I dont think permanent enlightenment exists not in the sense of a permanent state of non duality anyway, who have you or anybody else ever met who lives in a permanent state of non duality without an ego? sure there are many people who enter temporary states where their limits and mind structures drop away and experience Samadhi or other type unification experiences, infact I think it is possible for anybody to have such experiences with enough meditation, but nobody lives in that state permanentely well nobody I have ever come across anyway, I think such a permanent state is infact a con by gurus looking to make money and so people put them on a pedistool and worship them. There are people who have more access to spiritual states in their lives and there are people who have less karma so can see reality more clearly but my interpretation is that on the whole they are just regular people who are healthy and have dealt with their issues and been allowed to grow and develop into who they really are.

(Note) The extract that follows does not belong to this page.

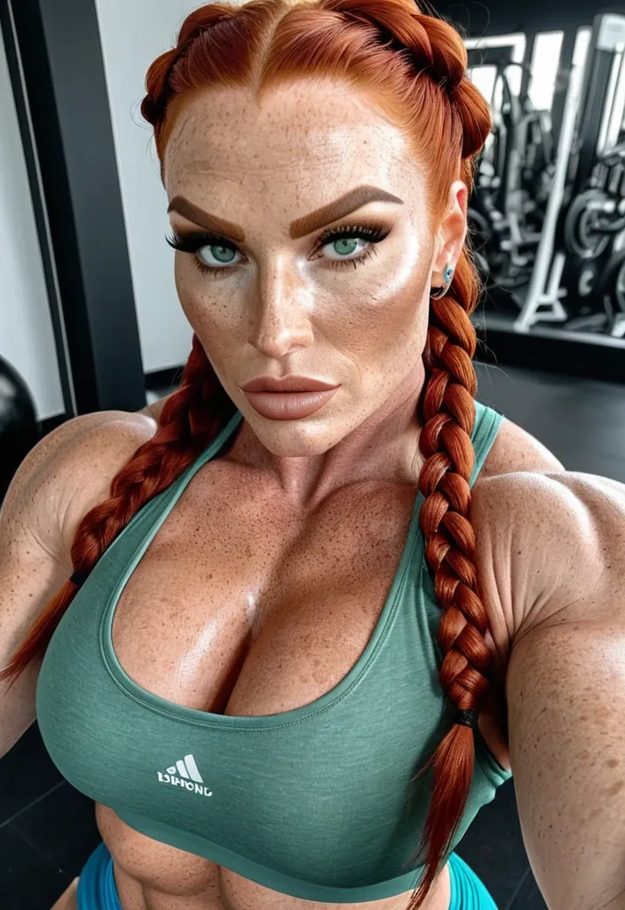 Generate Gorgeous female boss , bimbo , hourglass body , abnormally massive female bodybuilder , gorgeous , close up , full lips , big booty , redhead , freckles on face and breast , braided design hair , feminine silhouette , too big breast , big booty , sexy thighs abs , silhouette , up close , flexing biceps , beautiful green eyes , legs are iconic and defining physical feature , both visually and in terms of combat ability.wearing an outfit that is a striking blend of elegance , power , and femininity , designed to command attention in any room. The suit is tailored to perfection , hugging the wearer’s curves with precision while emphasizing a structured silhouette. The fabric itself is a refined grey tweed patterned with subtle white grid lines , giving the suit a texture that feels both sophisticated and modern. The blazer features broad blue lapels and gold button accents , adding a luxurious touch that elevates the look beyond typical business attire. The matching high-waisted trousers elongate the frame , further enhancing the poised and commanding effect of the ensemble.The styling choices amplify the boldness of the suit. The inner blouse is a silky , greybutton-down shirt that complements the tweed’s tone while introducing a softer , feminine balance to the sharp tailoring of the jacket. The blouse peeks out neatly from under the blazer , maintaining elegance without drawing focus away from the suit’s commanding cut. Accessories are kept minimal yet intentional: a delicate layered gold necklace and hoop earrings that add glimmers of light and luxury without overpowering the outfit. The choice of voluminous , honey-brown braids cascading down her shoulders frames the face with both confidence and glamour , completing the commanding visual.Altogether , this look communicates a blend of authority and allure. It is business-ready yet fashion-forward , balancing corporate structure with vibrant femininity. The color palette blue , grey and gold avoids being overly delicate , instead embracing the richness of texture , structure , and presence. This is the kind of ensemble that speaks to ambition , sophistication , and personal style—ideal for someone who thrives in positions of influence but insists on expressing her individuality with bold elegance. It’s not just clothing—it’s a statement of power wrapped in grace. In luxury living legs that could crush a watermelon , skirt high boots are a bold and striking statement piece , crafted in glossy black patent leather that gives them a sleek , polished finish. Rising to just below the knee , the boots feature three adjustable buckle straps along the shaft , adding both edge and detail to their design. The towering stiletto heel , paired with a thick platform sole , creates an ultra-dramatic silhouette that elongates the leg and exudes power and confidence. With their combination of shine , height , and structure , these boots perfectly balance fierce femininity with high-fashion allure. High cheekbones , prominent jawline , gorgeous big green eyes , freckles , enormous breast , blue tank top , high rise grey shorts ,

Many spiritual people say all there is to do is to realise your no-self and your non dual nature but infact we are individuals as well as part of the whole, so we have a self with individual skills and qualities which can be nurtured and developed as well as being a non self part of the whole, some of us are naturally good at art and others science and politics and I dont think the world would be in a better state if everybody layed down their individuality like Ramana Maharshi and other spiritual people and solely focused on being a nobody, you can find meaning in life beyond non-duality which makes life worth living, its not up to Byron Katie or anybody else to tell you what life is about, you could find meaning in writiing books, being an actor or being a mother could be enough to provide substance to your life to make it all worthwhile . Obviously I am not wise enough to know any of this for sure but this is my take on this at the moment.


----------



## Rozanne (Feb 24, 2006)

interesting! it's funny, in one article on her waking up, she said that she would walk out of the hostel and go up to people and say "don't you recognise me!"...and that we are all in a trancended state all the time but we just won't admit it, that we are living a lie, by believing our views of ourselves.
I have to say that when I've been doing the work, it has cleared and opened my mind's eye, quite a bit. I used to think enlightenment was going to be like a permanent orgasm/tantric/blissful state or something...hahaha..but I think I'm starting to get the idea, more firmly planted in my head, that it is just peacefulness and rest. I can't imagine what it must be like to see the whole of Nature and life contained within this peace, is that called noetic?


----------



## Guest (Apr 18, 2008)

We cant say that there is a "perminant" state of enlightenmemt,because in the fourth dhyana time is already transcended before "enlightenment.Its not like theres a perminant ego who is enlightened,if we said that it would not be enlightenment.As you go through the stages-bhumis towards enlightenment and the perfections its not that youre heading for something called enlightenment,its more like clouds of illusion are removed and we see reality for what it is,its not that some people have less karma its that they have purified there karma and perfected it with the six perfections and sublimated into the path as their means to enlightenmet.
In the end even meditation is transcended,there is no one who is meditating,the doer and the doing are transcended.
There are no special states required and yes alot of so called gurus promote cirtain states of conscioussness and charge people ridiculous ammounts of money for teaching them.The only things required are concerntration-samadi and mindfullness....as you go on the path cirtain states do naturally occur inevitably -the four dhyanas but they are not to be clung to ,they are also imperminant as such as mind made ideas..
And yes even non duality is transcended as I said because here and now already there is nothing to acheive ,there is nothing that isnt already buddha nature.....We never had a ego as such in the first place to do away with but equally true is not no self.We are not the same nor are we differant because we are the same in all our differances and we could say we are differant expressions of that sameness which is not sameness and not seperate either[really hard to put into words]-not no self..,we are not individual/differant but nor are we the all/samesness or both or neither.....We are ineffable...We can say there is no duality ,no self ,but once we see that actually there is no non duality, not no self,Even not no enlihghtenment....there may be nothing to attain but also there is not no attainmenmt ,One we see not no attainment the path is seen......and how to aproach it...the middle path bewtween all ideas...
There are three poisons of the mind ..-greed,hatred,delusion.....which manifest as .attachment,aversion,ignorance..or on the path......self,no self,nonenlightenment.....greed is selfish ideas/attachment ,hatred is aversion and non self ideas....once these are overcome and we find the middle way -the noble eightfold path ,ignorance is gone and enlightenmenmt manifests as it allways was.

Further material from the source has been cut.